3. He does see this as a final straw, however I've not let him down to this degree before, so it's really the first time I've done something of this nature to him. And no, that is no excuse for what I've done. I've always been more than honest with him in the past - up until I got to smoking and had my better judgement clouded by tobacco. As I said previously, I will take more than my share of the blame here, because I truly do deserve it. But is this "common" for him to not even know if he still loves me over this?? I understand winning his trust back and giving him some space, but to lose your love for someone just seems like a far cry from the "unconditional love" I see in a marriage. 

I just can't comprehend turning feelings on and off like that.


----------



## TNgirl232

Unfortunately I don't think there is such a thing as unconditional love in marriage and I think that may be why so many fail - someone thinks that if someone loves them now they will forever no matter what. But the truth IMHO is that you make a decision everyday you get up to love your spouse or not. You have to work on it everyday. Its not that when you say "I do" you've got them hooked and no matter what you or they do from that day on they will always love you. 

I understand that you don't think you've done anything 'this major" to him before, but lots of little things over the years could have built up until this is it in his mind, especially if he is like me, I keep it all bottled up and don't say a word until I've had enough and its very hard to go back from that point. (not saying he's right, just saying I know how that goes)

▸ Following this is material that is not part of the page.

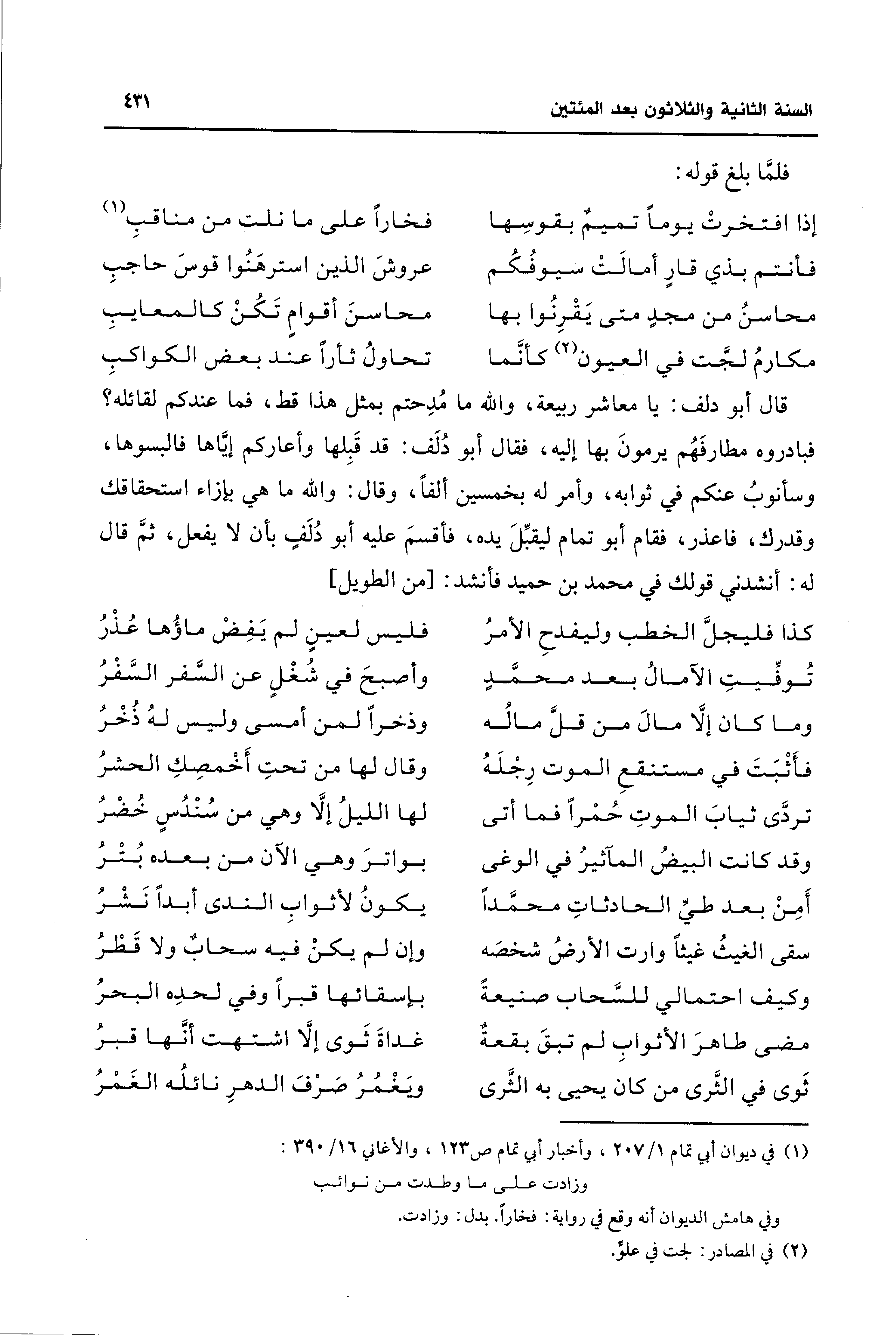 قال أبو دلف: يا معاشر ربيعة، والله ما مُدِحتم بمثل هذا قط، فما عندكم لقائله؟ فبادروه مطارفَهُم يرمونَ بها إليه، فقال أبو دُلَف: قد قَبِلها وأعاركم إيَّاها فالبسوها، وسأنوبُ عنكم في ثوابه، وأمر له بخمسين ألفًا، وقال: والله ما هي بإزاء استحقاقك وقدرك، فاعذر، فقام أبو تمام ليقبِّلَ يده، فأقسمَ عليه أبو دُلَفٍ بأن لا يفعل، ثمَّ قال له: أنشدني قولك في محمد بن حميد فأنشد: [من الطويل]

If he won't go to counciling then you have to do the best you can to live your life like an open book and he might start to trust you again. Give him some time, he's angry. I don't know your husband but some people have a make or break thing that they can't put up with in a relationship - cheating for example - that's an automatic divorce for some - others work through it. If you knew up front he said he would never marry a smoker, then you may have to face he won't stay married to one.

I wish you luck and hope it works out!


----------



## Unit4

I was making the point to our councilor on the last visit with my wife that impulse control stands more of a fighting chance when two people are in it together, even if the impulse comes from one. That said, cigarettes shouldn't threaten a 3y/o's life like single parenting might.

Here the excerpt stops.